WORKING DATA

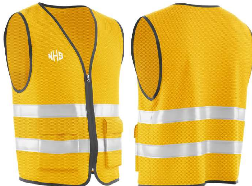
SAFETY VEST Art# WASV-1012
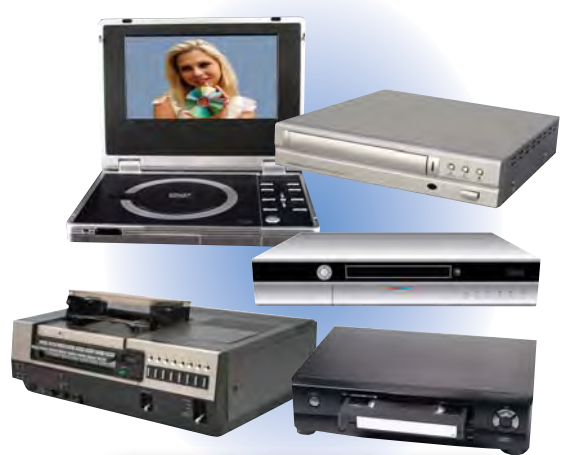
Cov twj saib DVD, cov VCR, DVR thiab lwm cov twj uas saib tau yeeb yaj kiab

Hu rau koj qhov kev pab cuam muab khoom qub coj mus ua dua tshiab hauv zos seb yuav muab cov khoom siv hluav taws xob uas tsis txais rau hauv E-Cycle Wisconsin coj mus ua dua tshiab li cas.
==
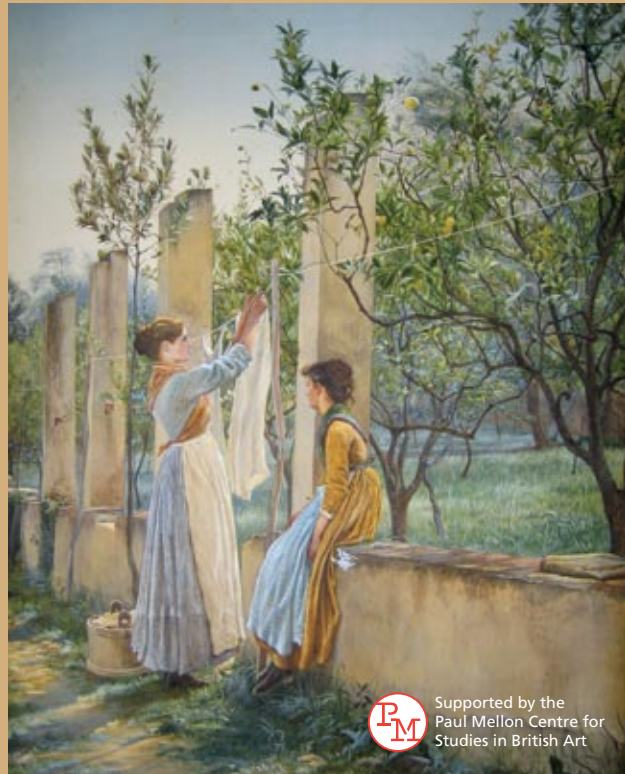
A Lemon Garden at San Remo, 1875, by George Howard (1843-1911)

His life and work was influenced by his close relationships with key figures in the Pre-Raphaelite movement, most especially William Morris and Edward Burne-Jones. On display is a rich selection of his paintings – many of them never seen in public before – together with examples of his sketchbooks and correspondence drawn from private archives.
...
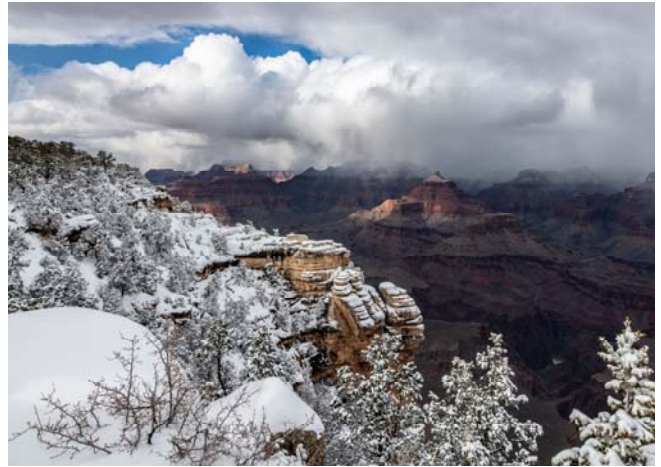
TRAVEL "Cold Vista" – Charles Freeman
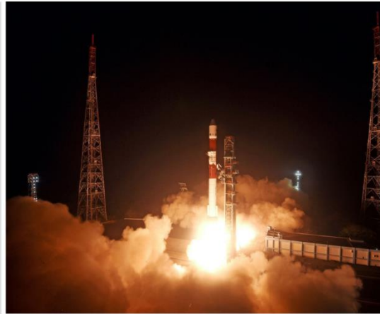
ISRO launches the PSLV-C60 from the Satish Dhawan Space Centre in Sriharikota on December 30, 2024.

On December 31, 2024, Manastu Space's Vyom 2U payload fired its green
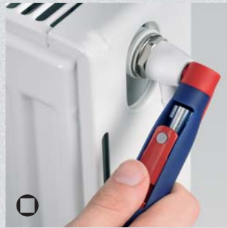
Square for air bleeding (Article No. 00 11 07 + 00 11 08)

WHAT IS NEEDED
Scan the data above for the word "from" and report every line where it is found.

ANSWER FOR THIS EXERCISE
His life and work was influenced by his close relationships with key figures in the Pre-Raphaelite movement, most especially William Morris and Edward Burne-Jones. On display is a rich selection of his paintings – many of them never seen in public before – together with examples of his sketchbooks and correspondence drawn from private archives.
ISRO launches the PSLV-C60 from the Satish Dhawan Space Centre in Sriharikota on December 30, 2024.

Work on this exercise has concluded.